**Exercise brief**
Here the job is to retype the data word for word while leaving the pictures aside.

Extracted records
########################################

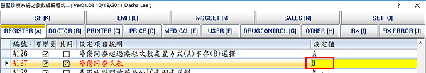 於上方點選參數標籤「REGISTER [A]」於下方尋找編號A127「外傷同療次數」
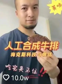 坐拥近800万粉丝的辛吉飞发布的视频中,合成食物制作视频让人大开眼界,你吃的牛不是牛,羊不是羊,鸡不是鸡,肉不是肉,我们吃的其实都是化工品。
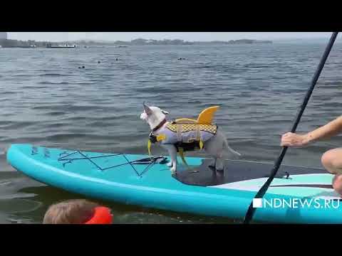 Толпы загорающих замечены сегодня на берегу Верх-Исетского пруда. Особо отважные идут охлаждаться в воду. Здесь же мы заметили маленькую акулу: хозяйка нарядила своего пса в спасательный жилет с плавником, и собака радостно плавает.
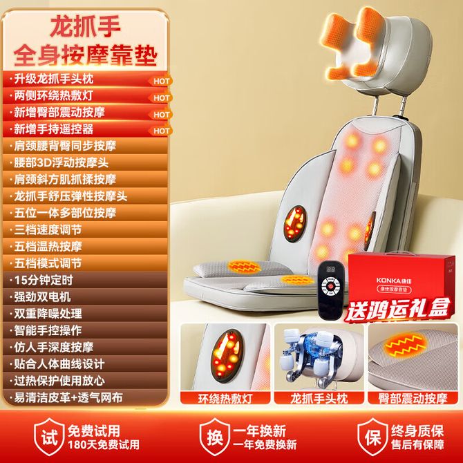 康佳/Konka 多功能按摩靠垫KAMD-0921-T【9代至尊款+遥控】高配热敷灯龙抓手 颈部自由调节颈椎按摩器肩颈腰背臀部全身躺垫生日礼物父亲节礼物实用送爸爸妈妈 高配热敷灯+龙抓手+颈部自由调节 兑换价格 25000 里程 会员卡别 终身白金卡 白金卡 金卡 银卡 普通卡 儿童卡 服务 由 纳华优选 发货并提供售后 颜色: 灰色 购买数量: 件 库存件 配送地址: 立即购买 加入购物车 成功添加到购物车 关闭 购物车共有 种商品 总金额为:
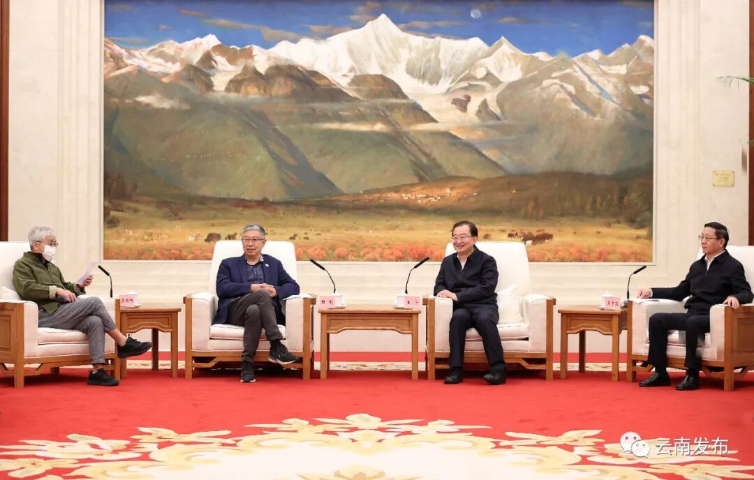 两院院士费维扬、李灿、朱日祥、周忠和、郭正堂、汤涛、潘永信、胡瑞忠、王兴治、张福锁,云南省李刚、邱江、张治礼、孙灿参加会见。

########################################

**Response area**
 於上方點選參數標籤「REGISTER [A]」於下方尋找編號A127「外傷同療次數」
 坐拥近800万粉丝的辛吉飞发布的视频中,合成食物制作视频让人大开眼界,你吃的牛不是牛,羊不是羊,鸡不是鸡,肉不是肉,我们吃的其实都是化工品。
 Толпы загорающих замечены сегодня на берегу Верх-Исетского пруда. Особо отважные идут охлаждаться в воду. Здесь же мы заметили маленькую акулу: хозяйка нарядила своего пса в спасательный жилет с плавником, и собака радостно плавает.
 康佳/Konka 多功能按摩靠垫KAMD-0921-T【9代至尊款+遥控】高配热敷灯龙抓手 颈部自由调节颈椎按摩器肩颈腰背臀部全身躺垫生日礼物父亲节礼物实用送爸爸妈妈 高配热敷灯+龙抓手+颈部自由调节 兑换价格 25000 里程 会员卡别 终身白金卡 白金卡 金卡 银卡 普通卡 儿童卡 服务 由 纳华优选 发货并提供售后 颜色: 灰色 购买数量: 件 库存件 配送地址: 立即购买 加入购物车 成功添加到购物车 关闭 购物车共有 种商品 总金额为:
 两院院士费维扬、李灿、朱日祥、周忠和、郭正堂、汤涛、潘永信、胡瑞忠、王兴治、张福锁,云南省李刚、邱江、张治礼、孙灿参加会见。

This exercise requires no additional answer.